Given information
▶

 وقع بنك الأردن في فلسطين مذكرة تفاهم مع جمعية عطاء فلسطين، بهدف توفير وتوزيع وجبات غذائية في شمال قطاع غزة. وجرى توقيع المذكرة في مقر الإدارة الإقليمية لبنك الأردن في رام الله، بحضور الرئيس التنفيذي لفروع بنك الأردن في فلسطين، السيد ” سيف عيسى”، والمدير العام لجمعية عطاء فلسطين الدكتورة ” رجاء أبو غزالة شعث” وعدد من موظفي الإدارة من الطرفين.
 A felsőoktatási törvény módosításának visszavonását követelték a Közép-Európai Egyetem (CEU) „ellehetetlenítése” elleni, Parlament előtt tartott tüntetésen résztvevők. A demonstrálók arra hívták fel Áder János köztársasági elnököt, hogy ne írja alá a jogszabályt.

◀
▶

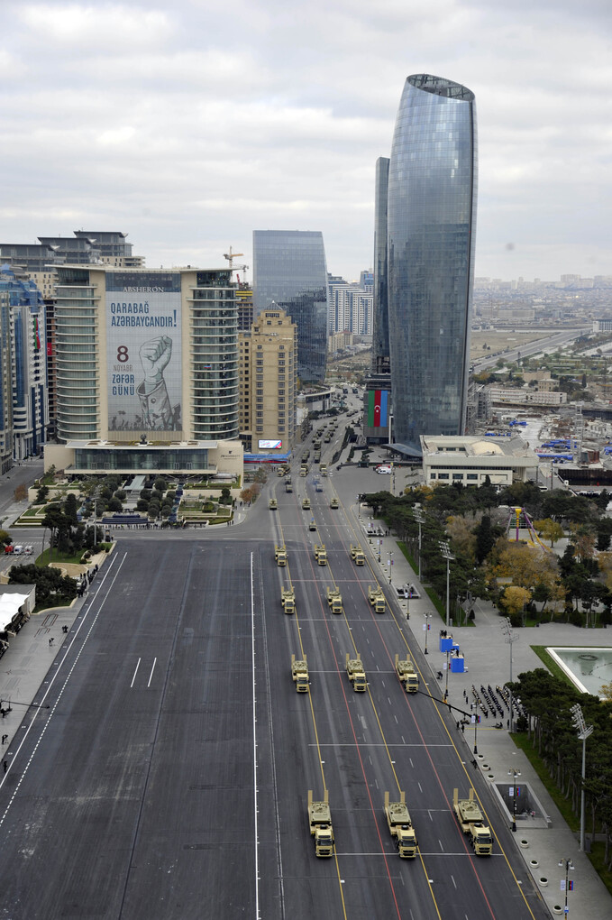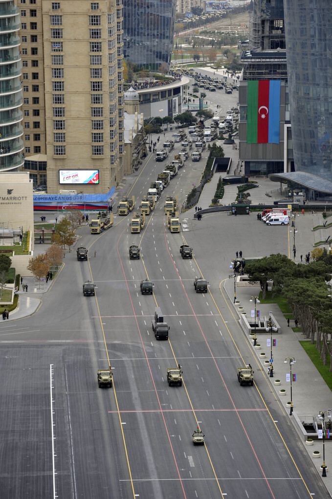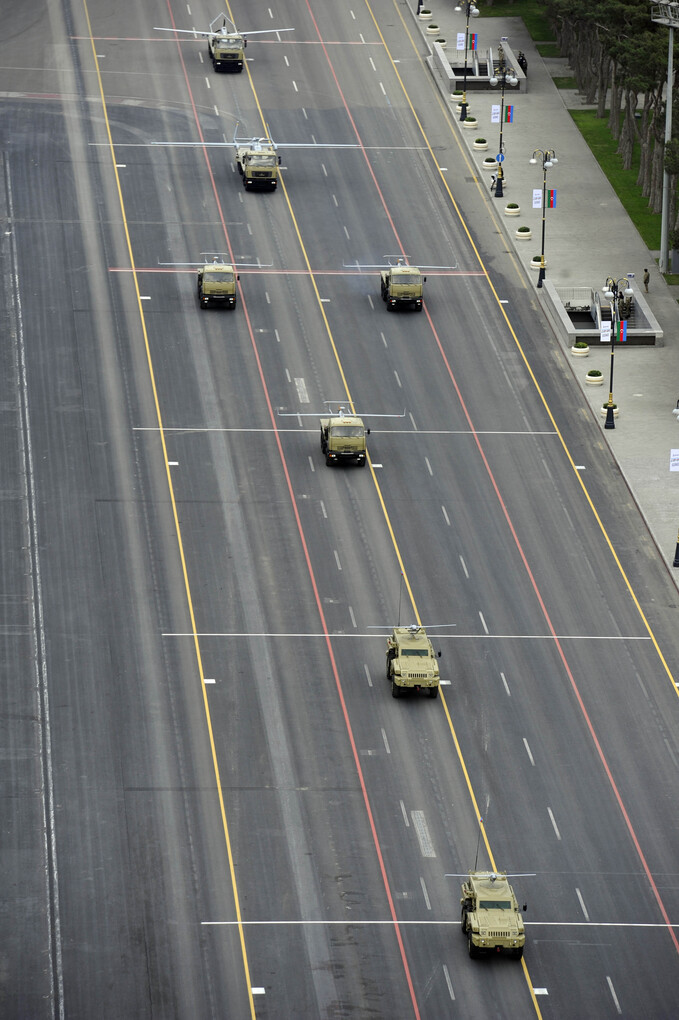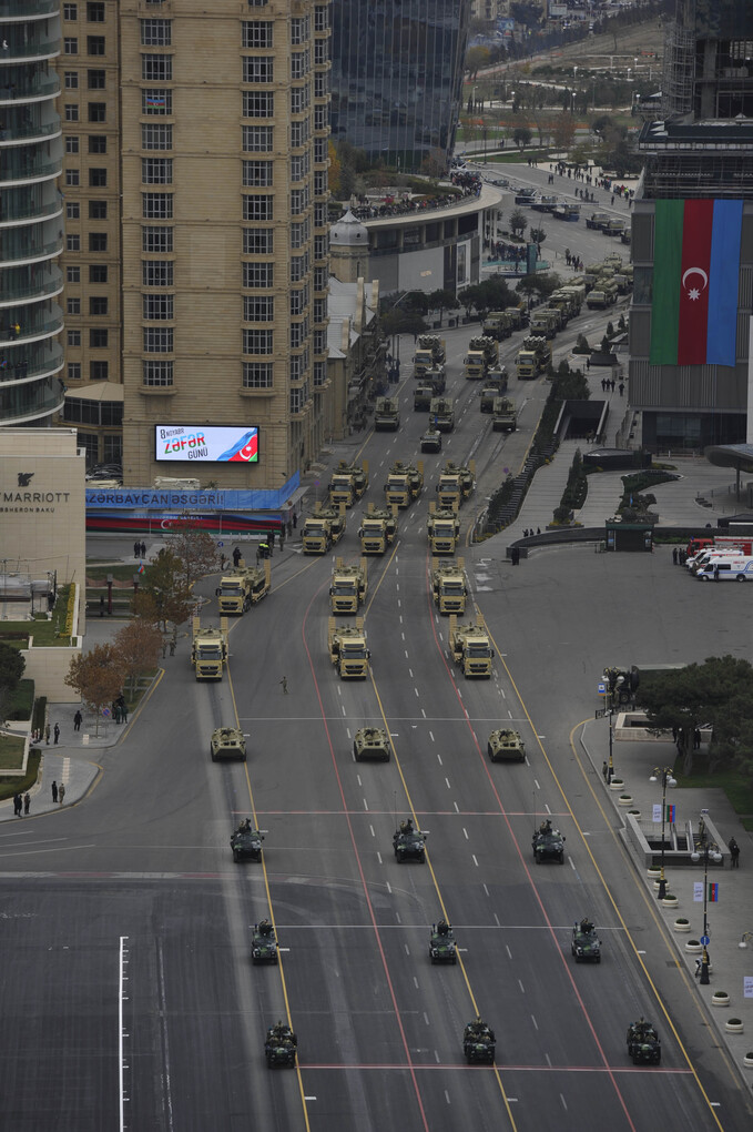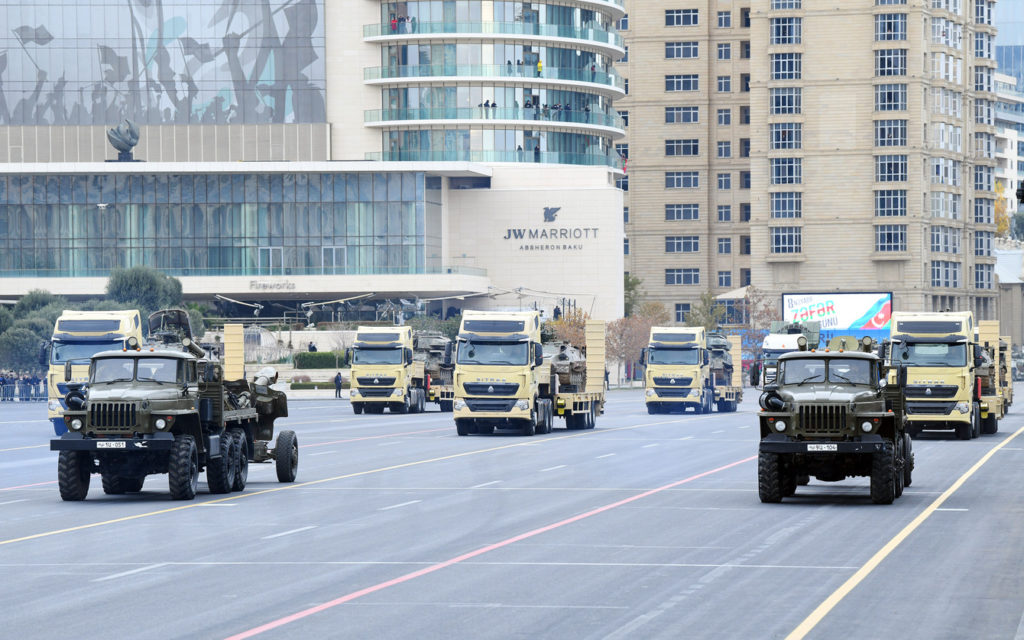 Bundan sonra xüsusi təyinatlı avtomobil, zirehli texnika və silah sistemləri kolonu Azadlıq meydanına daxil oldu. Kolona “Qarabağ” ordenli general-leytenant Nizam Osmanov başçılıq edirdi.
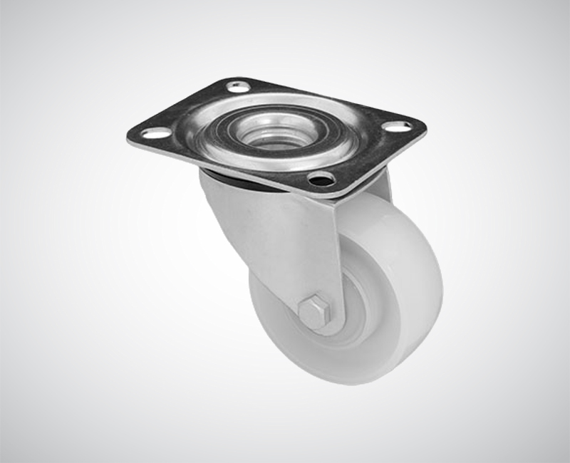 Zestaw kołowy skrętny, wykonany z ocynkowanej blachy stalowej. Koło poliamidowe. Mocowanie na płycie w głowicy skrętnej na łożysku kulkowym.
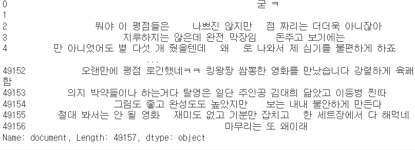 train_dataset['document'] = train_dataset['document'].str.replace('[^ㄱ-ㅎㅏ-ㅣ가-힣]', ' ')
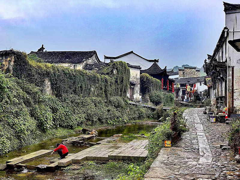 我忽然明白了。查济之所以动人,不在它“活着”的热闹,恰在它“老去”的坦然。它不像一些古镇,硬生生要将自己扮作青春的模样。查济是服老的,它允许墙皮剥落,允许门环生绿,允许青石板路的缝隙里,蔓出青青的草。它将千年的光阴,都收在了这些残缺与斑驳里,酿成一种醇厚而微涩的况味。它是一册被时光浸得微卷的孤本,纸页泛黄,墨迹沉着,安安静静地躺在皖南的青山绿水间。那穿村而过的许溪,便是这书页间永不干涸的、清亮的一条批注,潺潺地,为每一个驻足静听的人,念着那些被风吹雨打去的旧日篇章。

◀

Your objective
Look through the listing above for the line with "Zestaw kołowy skrętny, wykonany" and the line with "我忽然明白了。查济之所以动人". Write out exactly those lines and everything between, leaving out pictures.

Exercise response
 Zestaw kołowy skrętny, wykonany z ocynkowanej blachy stalowej. Koło poliamidowe. Mocowanie na płycie w głowicy skrętnej na łożysku kulkowym.
 train_dataset['document'] = train_dataset['document'].str.replace('[^ㄱ-ㅎㅏ-ㅣ가-힣]', ' ')
 我忽然明白了。查济之所以动人,不在它“活着”的热闹,恰在它“老去”的坦然。它不像一些古镇,硬生生要将自己扮作青春的模样。查济是服老的,它允许墙皮剥落,允许门环生绿,允许青石板路的缝隙里,蔓出青青的草。它将千年的光阴,都收在了这些残缺与斑驳里,酿成一种醇厚而微涩的况味。它是一册被时光浸得微卷的孤本,纸页泛黄,墨迹沉着,安安静静地躺在皖南的青山绿水间。那穿村而过的许溪,便是这书页间永不干涸的、清亮的一条批注,潺潺地,为每一个驻足静听的人,念着那些被风吹雨打去的旧日篇章。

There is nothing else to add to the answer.